Required work » Omit every picture, and retype the lines that run from the beginning of the data below through the line containing "- Spacious center", inclusive.

Dataset section »

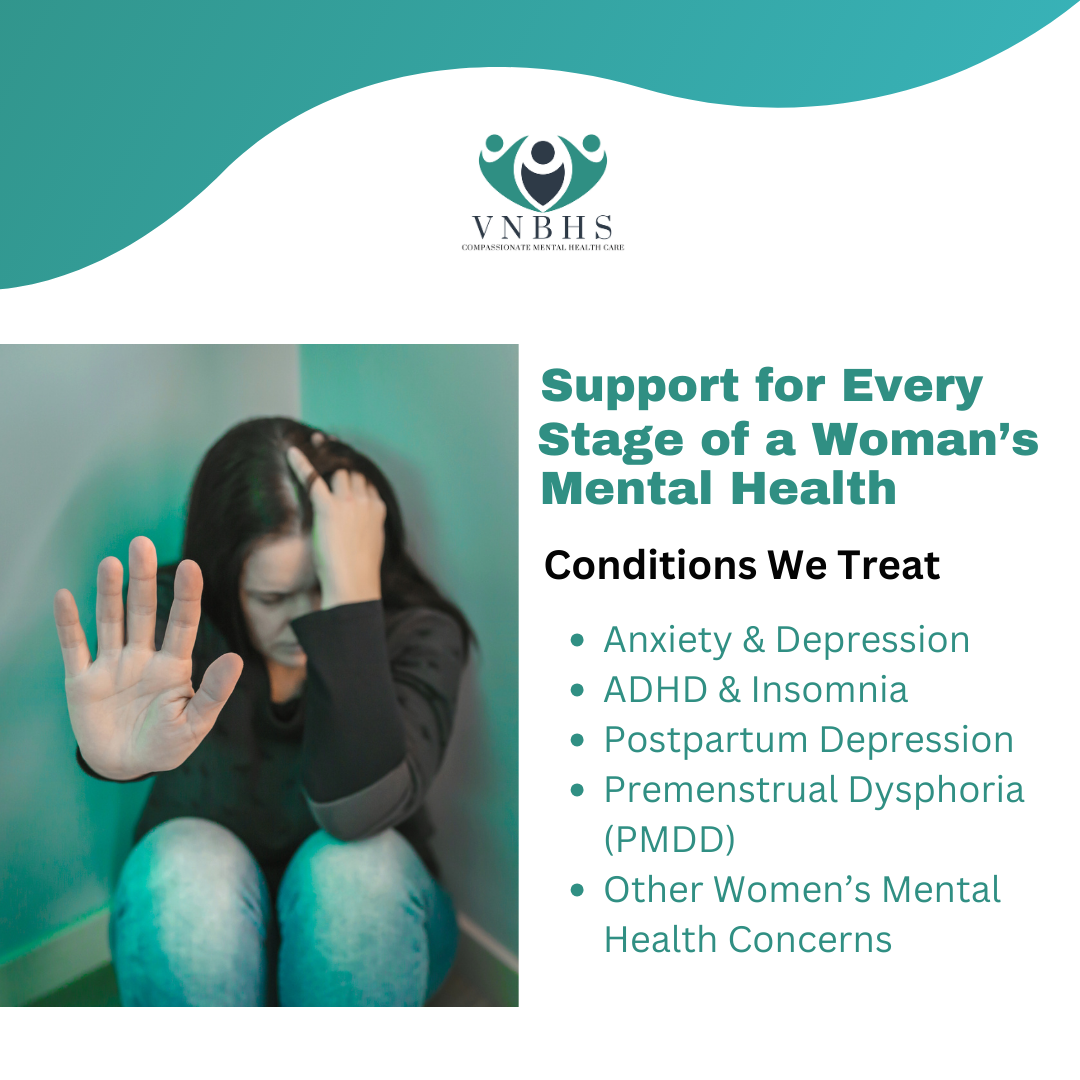 Anxiety Treatment , Depression Treatment , Insomnia Treatment , ADHD Treatment , Post partum depression Treatment , Premenstrual dysphoria Treatment , Bipolar treatment , Talk therapy , Women issues
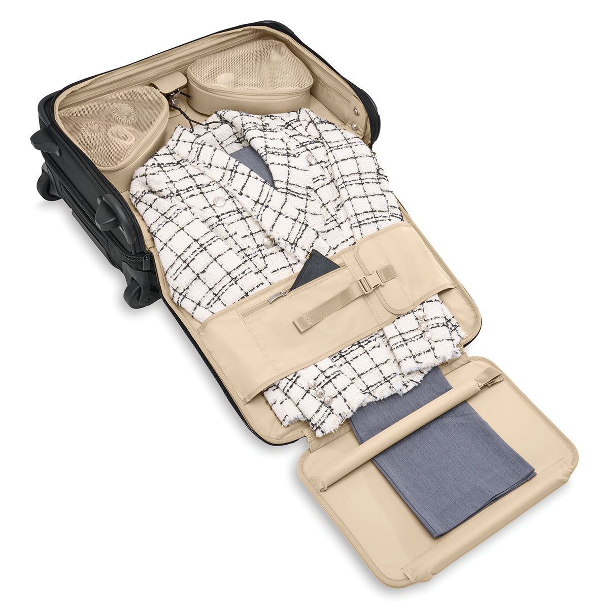 - Spacious center tie down in suiter compartment secures your attire by adding compression, reduces shifting while in transit
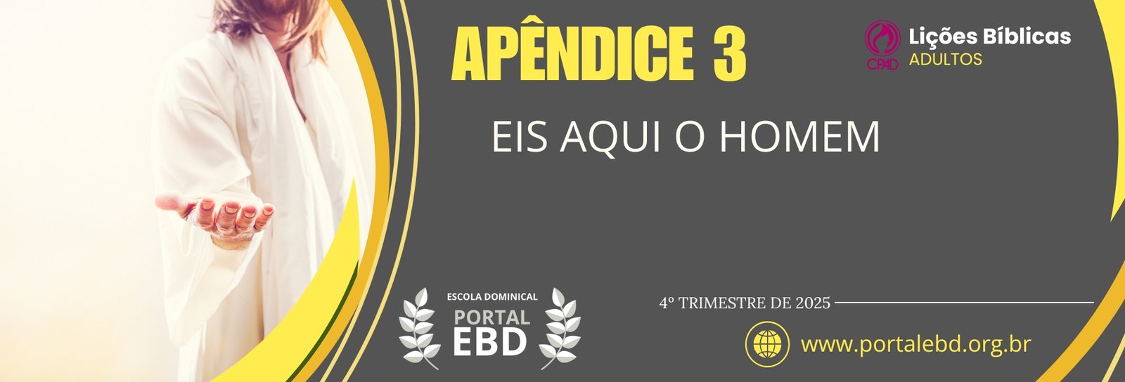 - Em apêndice ao trimestre, estudaremos a humanidade de Jesus, o exemplo de ser humano para todos nós.
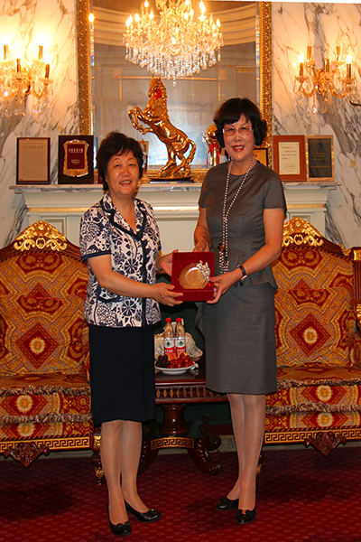 7月28日下午,樊丽明校长、方华副校长一行赴上海万丰锦源投资有限公司总部拜访了万丰奥特控股集团董事长陈爱莲女士。

Result of this task »
 Anxiety Treatment , Depression Treatment , Insomnia Treatment , ADHD Treatment , Post partum depression Treatment , Premenstrual dysphoria Treatment , Bipolar treatment , Talk therapy , Women issues
 - Spacious center tie down in suiter compartment secures your attire by adding compression, reduces shifting while in transit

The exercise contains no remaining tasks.